Grades on the autobiography were given only on the final product at the end of
the semester, and they were based on both quantity and overall quality, including
correctness. No deduction was made for errors on intermediate drafts; on the
contrary, the teacher emphasized that the goal was to learn from errors.
Design and measures
The ESL writing classes in which this study was conducted provided an
appropriate setting to test the research questions because the first five written
homework assignments were identical: Students were simply told to write
approximately five typed, double-spaced pages about their own life. (Although
various aspects of autobiographical writing, e.g., describing events, people, and
places, were discussed in class during the semester, any or all of these could be
used in each assignment, and students could write about their lives in any order,
not just chronologically.) Thus, over the semester, each student’s goal was to write
about 25 pages of autobiographical writing in addition to a book review.

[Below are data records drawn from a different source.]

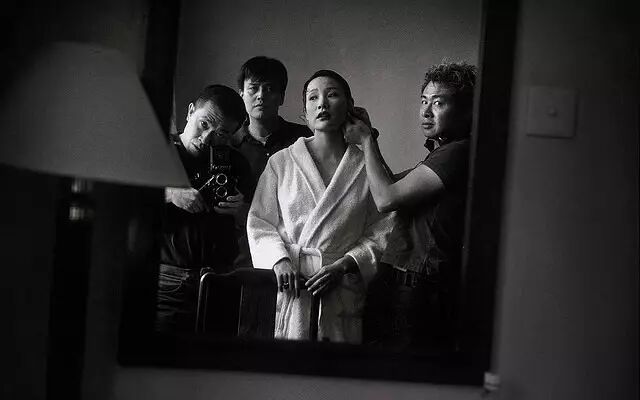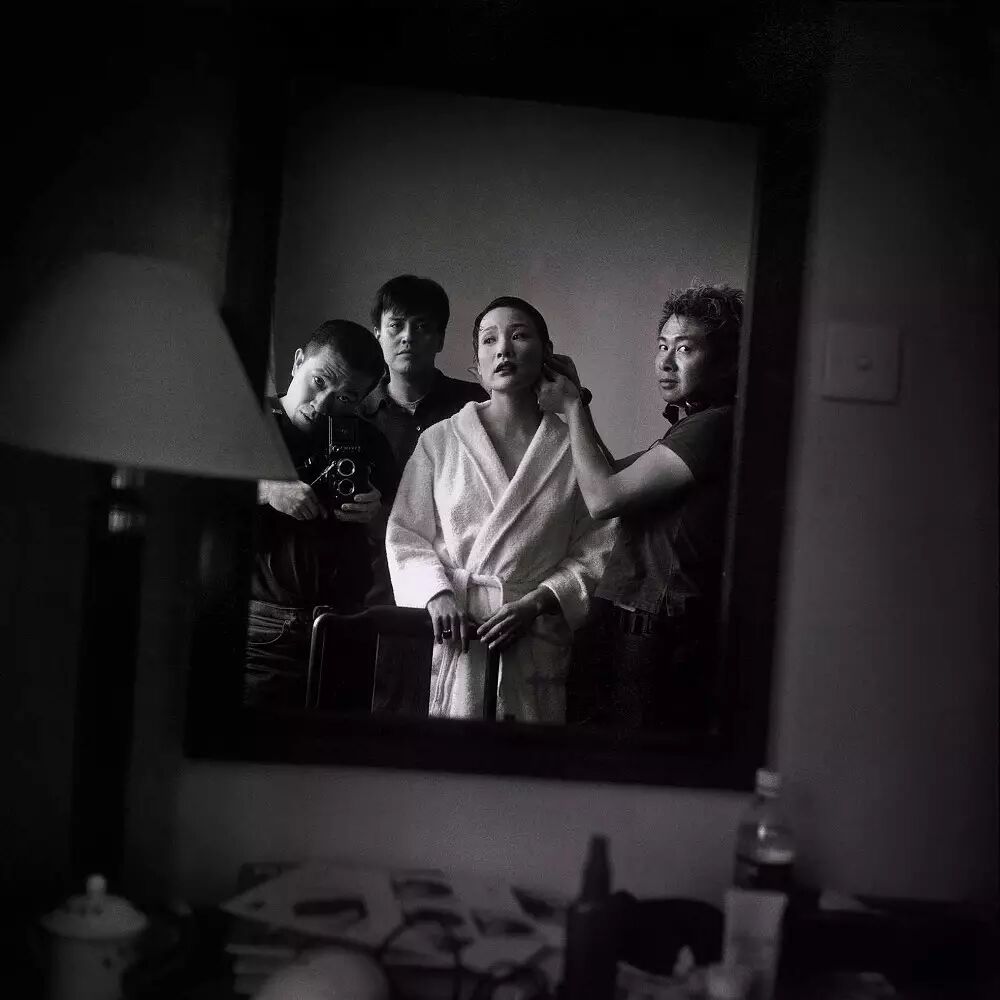 李威廉为陈冲上妆,孙周和张海儿在一旁观看,上海龙华宾馆,1999年
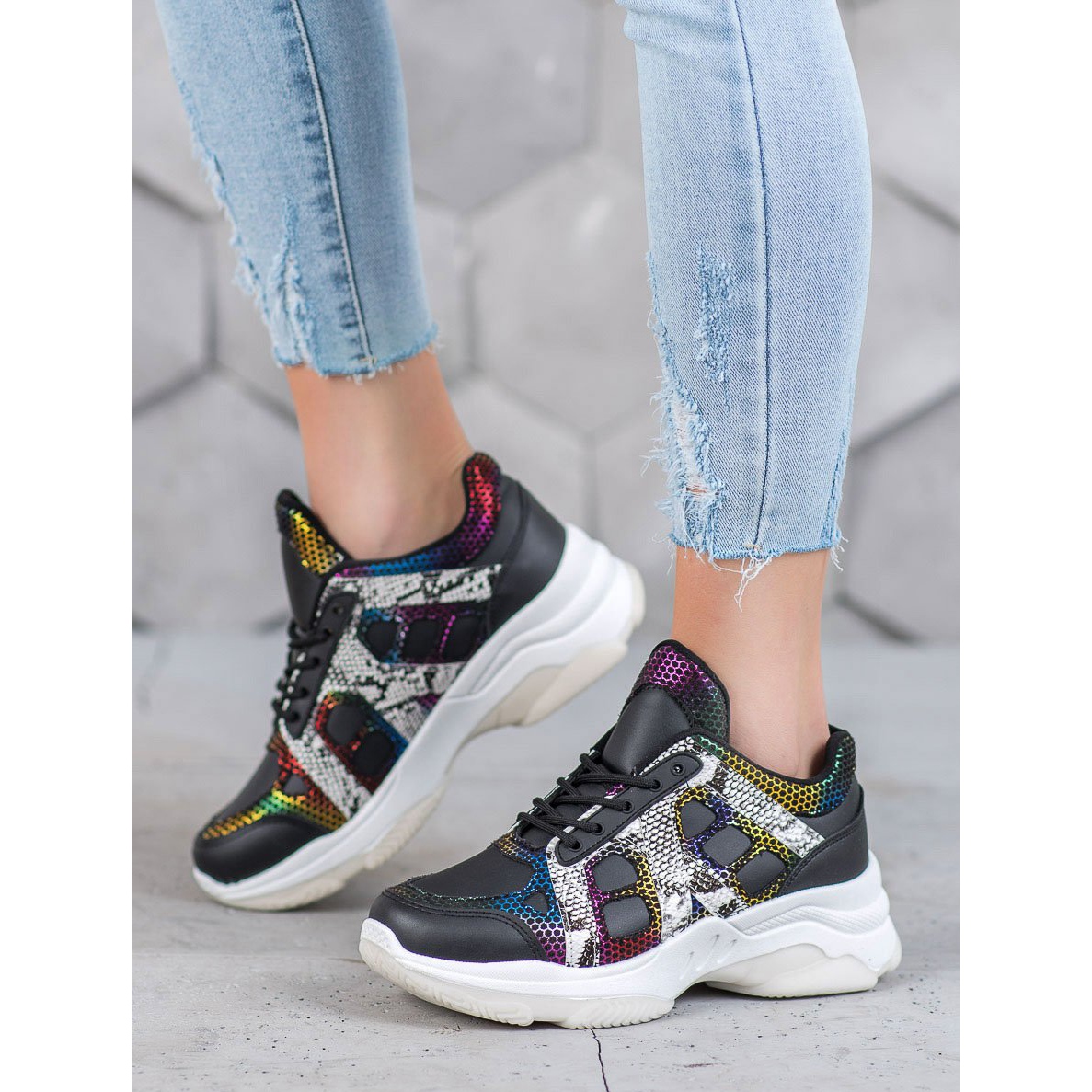 Les baskets sont montées sur une plateforme blanche de 5 cm de hauteur, ce qui non seulement ajoute du style, mais assure également un confort de marche. La semelle crantée en caoutchouc garantit une bonne adhérence, ce qui en fait un choix idéal pour diverses conditions météorologiques, aussi bien en automne-hiver qu'au printemps-été.
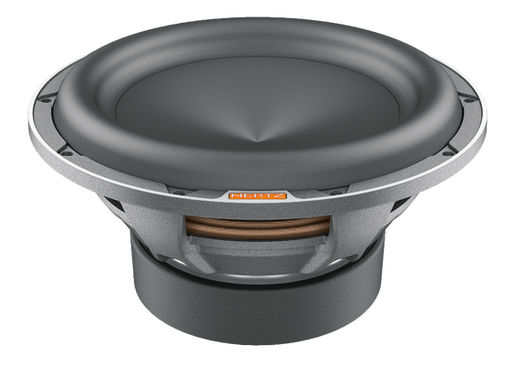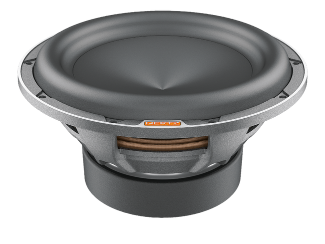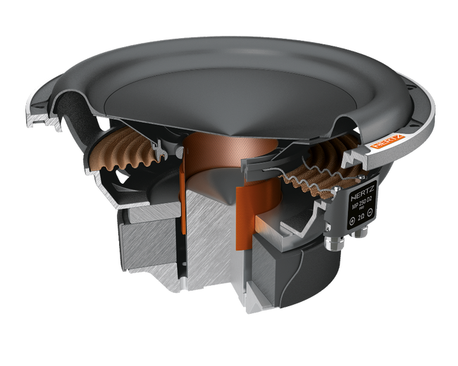 Outstanding performance in a compact size, this is the target of Mille Pro car audio subwoofers. On the strength of its know-how acquired with Mille Legend, the R&D team has optimized the production process to offer the “Hertz Sound Experience” to a wider audience using part of the technologies and materials of the flagship line. The MP 250 D2.3 cone is made by pressing paper pulp with the injection of mineral powders, the same construction technique used for Legend. The V-cone® profile increases rigidity, allowing the cone to function like a piston. Surround materials consist of high-purity IIR-butyl rubber. Like the Legend ML2000.3 and ml2500_3, the Mille PRO subwoofers are built with Boundary Free Surround technology allowing for a greater emission surface with equal diameter, generating higher sound pressure. The compact 6-spoke aluminum alloy anti-resonant basket is the same as the top model ML 2500.3 and contributes to the subwoofer’s mechanical damping, being absolutely transparent to the sound. The 65-mm 4-layer voice coil is higher than 60 mm and wound in a TIL-P former, thus delivering high linear displacement. The 2 Ω + 2 Ω DVC impedance configuration improves versatility to match any amplifier system. The air cooling and decompression system avoids the need for a centre hole on the bottom plate with three advantages:
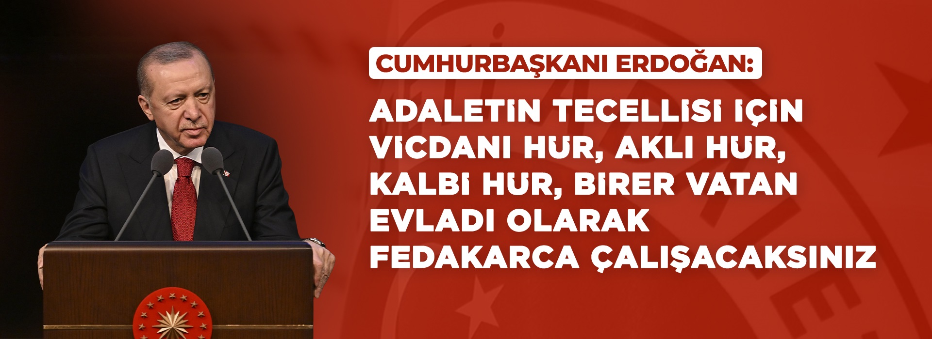 CUMHURBAŞKANI ERDOĞAN: ADALETİN TECELLİSİ İÇİN VİCDANI HÜR, AKLI HÜR, KALBİ HÜR, BİRER VATAN EVLADI OLARAK FEDAKARCA ÇALIŞACAKSINIZ

Both classes were taught by the same teacher-researcher in the same way and
both received error feedback. The only difference was that the experimental group
was required to revise each assignment, correcting all the errors underlined by the
teacher before submitting the next assignment, whereas the control group did all
the corrections of their underlined errors toward the end of the semester after the
first drafts of all five homework assignments had been written. The rationale for
272 J. Chandler / Journal of Second Language Writing 12 (2003) 267–296
this arrangement arose from the results of a previous questionnaire, where the
teacher had ascertained that the vast majority of students wanted the teacher to
mark every error. Since the students felt so strongly about this, the teacher could
only justify the treatment of the control group by offering them the same treatment
as the experimental group later in the semester after the first draft of the fifth
assignment was completed and the data collection for the study ended. Therefore,
the control group corrected their errors in several homework assignments later in
the semester after the data for this study had been collected (see Fig. 2). For both
groups, after students had tried to correct their errors based on the teacher’s
underlining of them, the teacher provided direct correction for any remaining
errors or ones that had been corrected incorrectly.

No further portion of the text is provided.